The ongoing maturity of recent industry partnerships are also supportive of PDF’s long-term revenue growth outlook as these have only provided a modest revenue tailwind over the last five years. Early evidence of accelerating revenue growth was demonstrated in Q4 ’23 and Q1 ’24 when the company recorded its third and second largest bookings quarters ever (both supported by the recent DFI orders). The last 18 months have also proven the durability of the analytics business as revenue has continued to grow despite the broader downturn for the semiconductor industry.

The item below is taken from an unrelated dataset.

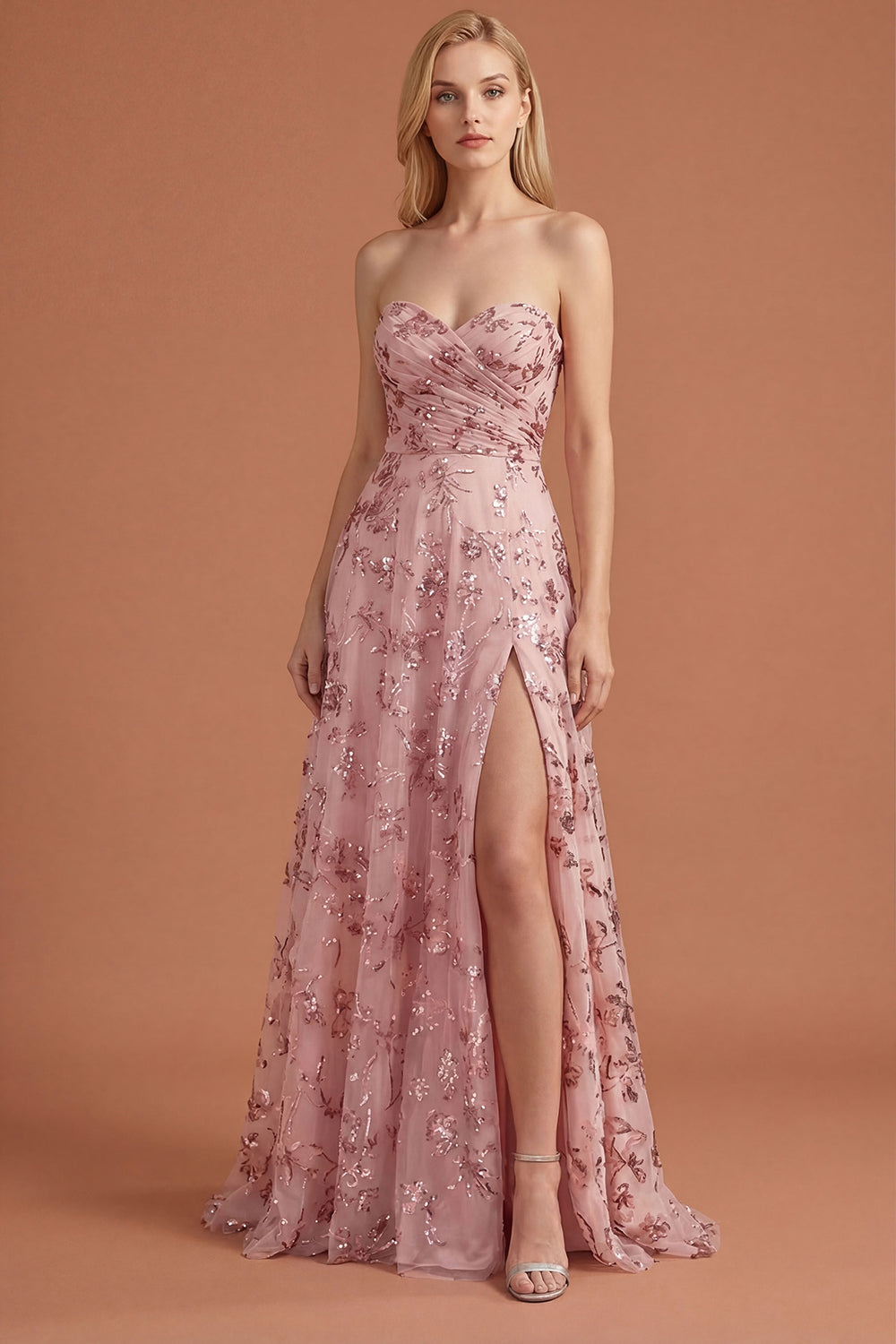 Blush Floral Appliqued A Line Sweetheart Long Prom Dress with Slit

From an expense perspective, PDF incurred significant investments to convert their on-premise software to a SaaS product, R&D related to DFI and and increased spending on sales and marketing. Most of this spending is now in the rearview mirror. Gross margins, which troughed at 50% in 2018, have stabilized around 70% and should normalize in the 75-80% range depending on revenue mix. Based on the forecast for 20% revenue growth, PDF should be able to leverage the OPEX investments and easily achieve their targeted operating margin of 20%. Longer-term operating margins could normalize in the 25-30% range, again depending on revenue mix.
In terms of the balance sheet, the company currently has $122mm of cash and investments and no debt. Strong free cash flow going forward should lead to cash balances growing, which can support share repurchases or additional M&A.
Valuation
Valuing PDF is also difficult given a strong core software business, the emergence of the DFI hardware, and a lack of pure play comparables. PDF has an industry leading core software business that should grow in the ~20% range, without the benefit of DFI. SNPS and CDNS are the closest peers and using pre-COVID trading multiples suggests a valuation of 30x EBITDA (note both are currently trading at 35x EBITDA). SNPS also acquired ANSS for 36x EBITDA earlier this year, which provides another useful comp. Using a stand-alone multiple of 30x yields a $62 price target based on my 2027 forecast, or a +17% annualized return from the initial purchase price of $35.25. Using a 35x takeout multiple yields a $72 price target, or a +22% annualized return from the initial purchase price.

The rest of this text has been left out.